Listed in: Philosophy, as PHIL-470
Rafeeq Hasan (Section 01)
Open most newspapers today and you will find statistics like the following: in the contemporary United States the share of wealth owned by the top 0.1% is almost the same as the bottom 90%. The six heirs to the Walmart fortune have more assets than the bottom 42% of all Americans combined. Moreover, the popular press has seen a recent spate of books on economic inequality written by economists, politicians, and public intellectuals. Many of these titles—e.g., The Price of Inequality, Inequality: What Can Be Done?, and The Great Divide: Unequal Societies and What We Can Do About Them—suggest that there is something morally problematic about a society in which certain individuals own so much more than others. But is this problematic, and, if so, why? And if too much inequality is morally bad, what vision of equality ought we to strive for?

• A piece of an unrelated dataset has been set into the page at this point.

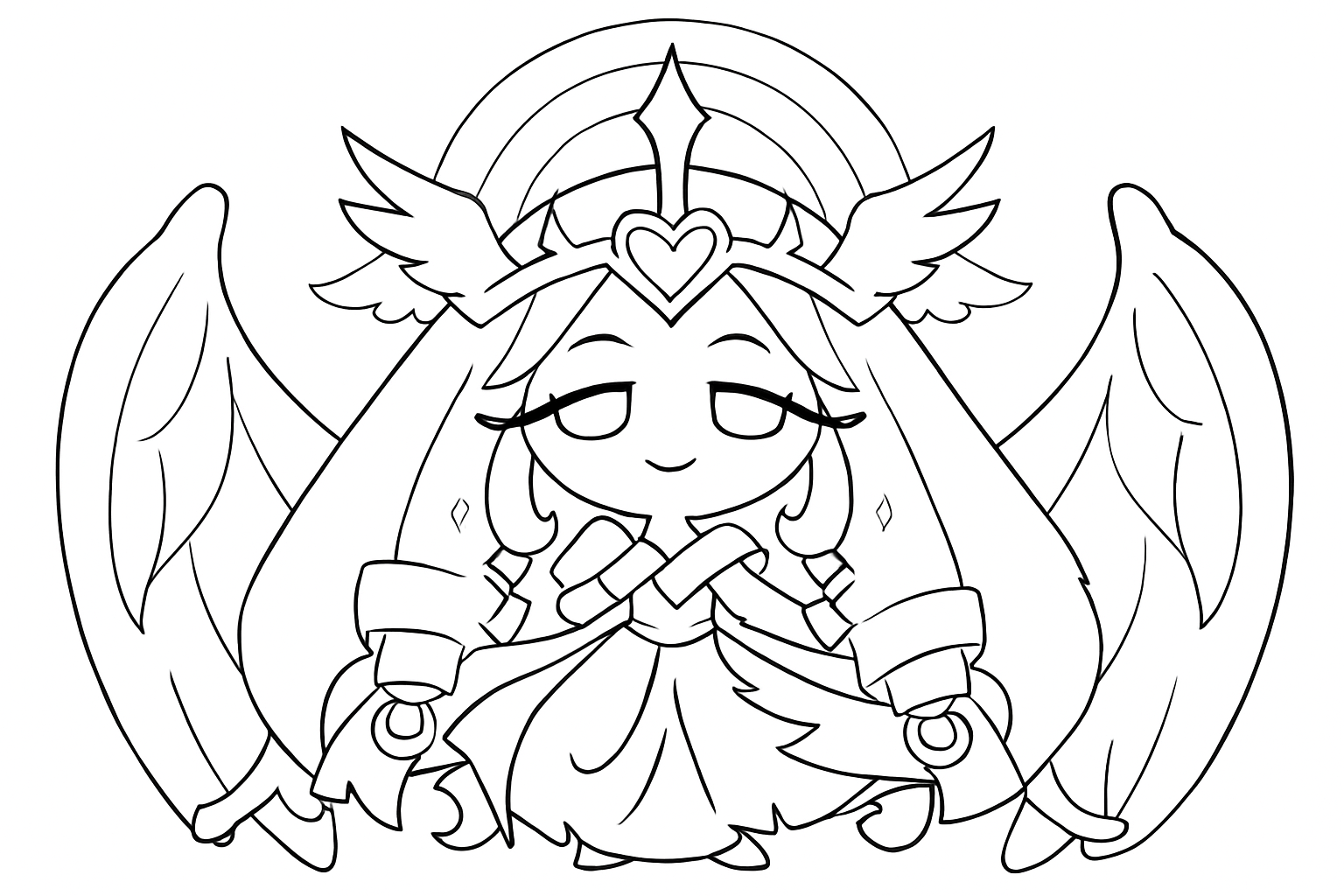 This stunning coloring page features a celestial anime-inspired guardian with a peaceful expression and intricate detailing. The character is adorned with a crown, flowing hair, and large wings, set against a simple background, making it an ideal choice for coloring enthusiasts. Perfect for inspiring creativity with its whimsical design and elegant features.
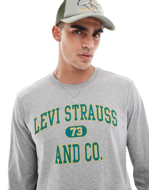 Levi's - T-shirt à manches longues coupe décontractée à logo style universitaire - Gris chiné

After beginning with Rousseau’s Discourse on the Origin of Inequality, a historical text that helps create the topic of wealth disparity as a meaningful subject of moral evaluation, we will investigate John Rawls’s “Difference Principle,” which is the demanding criterion that a just society redistribute wealth so as to promote the well-being of the worst off; Luck Egalitarianism, which is the view that unjust inequalities are those that stem from undeserved bad luck but not from our own bad choices; and feminist interrogations of inequality in the family. We will also consider critics who maintain that it is not inequality per se that ought to worry us, but rather absolute levels of deprivation. For these critics, it does not matter that some have more than others, just as long as everyone has enough.
Requisite: Two courses in Philosophy or consent of the instructor. Limited to 15 students. Fall semester. Professor Hasan.
If Overenrolled: Priority will be given to majors, seniors, then juniors, etc.